Scheduling Automatic AWS EC2 Volume Snapshots and deleting snapshots older than Seven days

It’s automatic, not manual!

If you are reading this article, then, it’s possible that you normally store data in the Amazon EBS volumes. As you know, it is professional to take snapshots of the EBS volumes in so as to back up the data on Amazon S3. If you have decided to follow this professional standard, it means you have possibly realised the need to manage the number of snapshots that you keep for a certain EBS volume and delete the older snapshots that are no longer needed. Doing this will definitely help in achieving disaster recovery as well as saving storage cost.

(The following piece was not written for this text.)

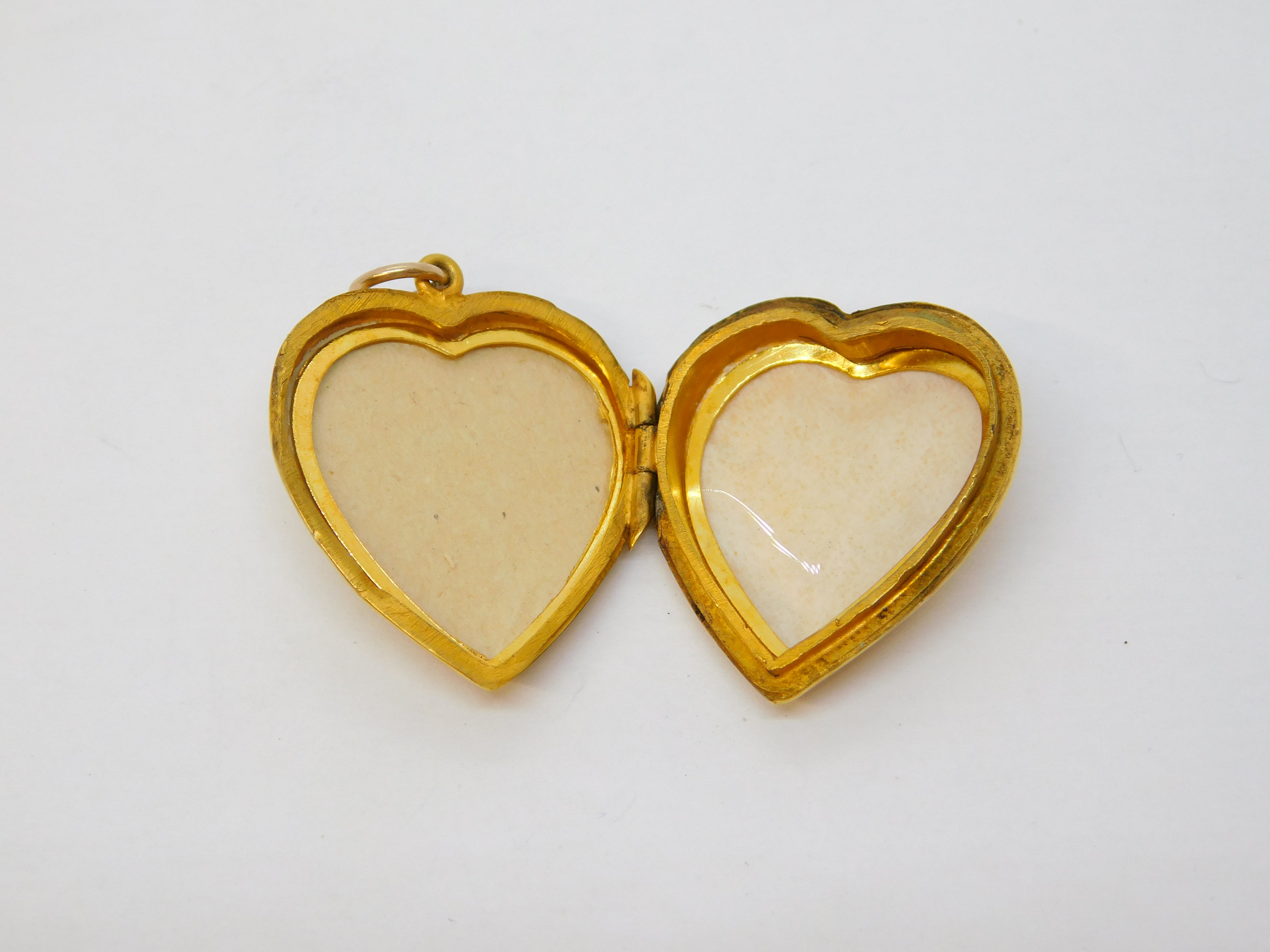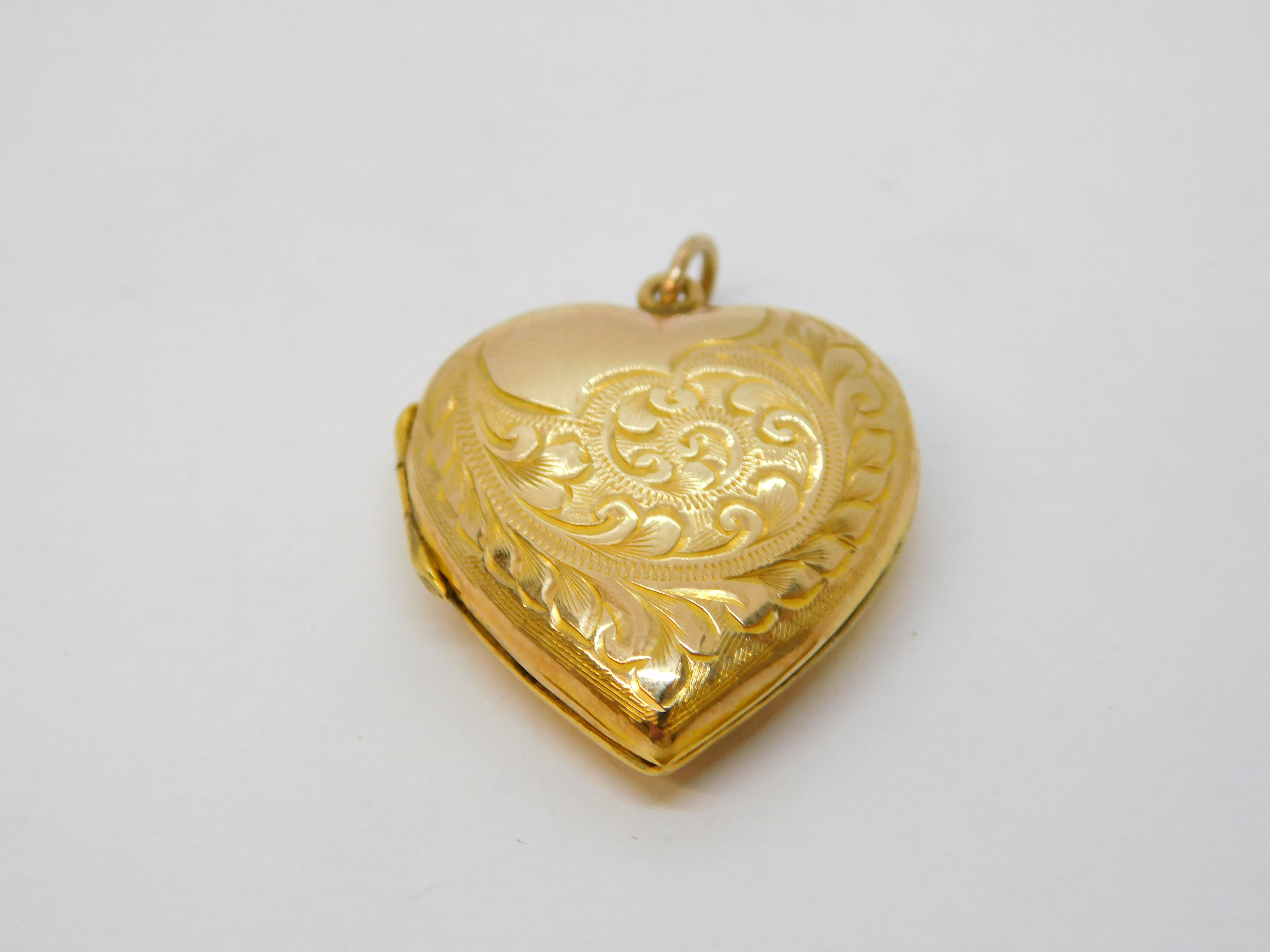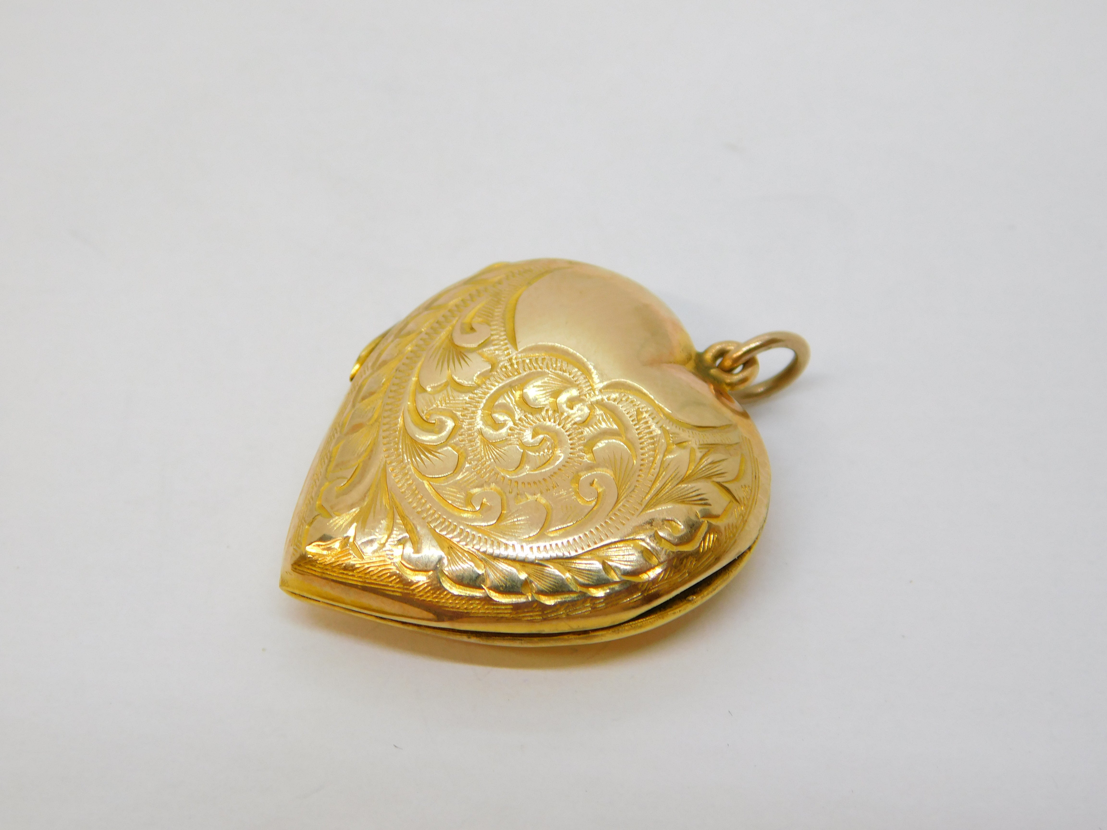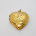 9ct Yellow Gold Back & Front Floral Pattern Heart Locket Pendant Antique c1920

You may also have policies stating that the backups need to be kept a particular number of miles away as part of the disaster recovery plan. In order to fulfil these requirements, you will need to copy your EBS snapshots to the disaster recovery region and perform the snapshot management there.

This logic involves a lot of components that are absolutely different. First of all, you need to tag your snapshots so that you can manage them. Then, find out how many snapshots you have for a particular EBS volume at present and make an assessment of the value against the retention rule. Should it happen that the number of snapshots is more than that of your retention value, then, you will delete the old snapshots. All these procedures are clear examples of a simple and basic snapshot management workflow. The question you now ask is, how do you automate something like this in the AWS? You need not worry as that already been ironed out in this article. All that is required from your own end is to read this to the end, learn the nitty-gritty, and go ahead to apply it. If you are ready,

How does it work?

For any snapshot to be taken, the API calls need to be provided with necessary permission. At this point, the AWS will create a default role that is called AWSDataLifecycleManagerServiceRole but with a policy that it should have the ability to create a snapshot on all the regions.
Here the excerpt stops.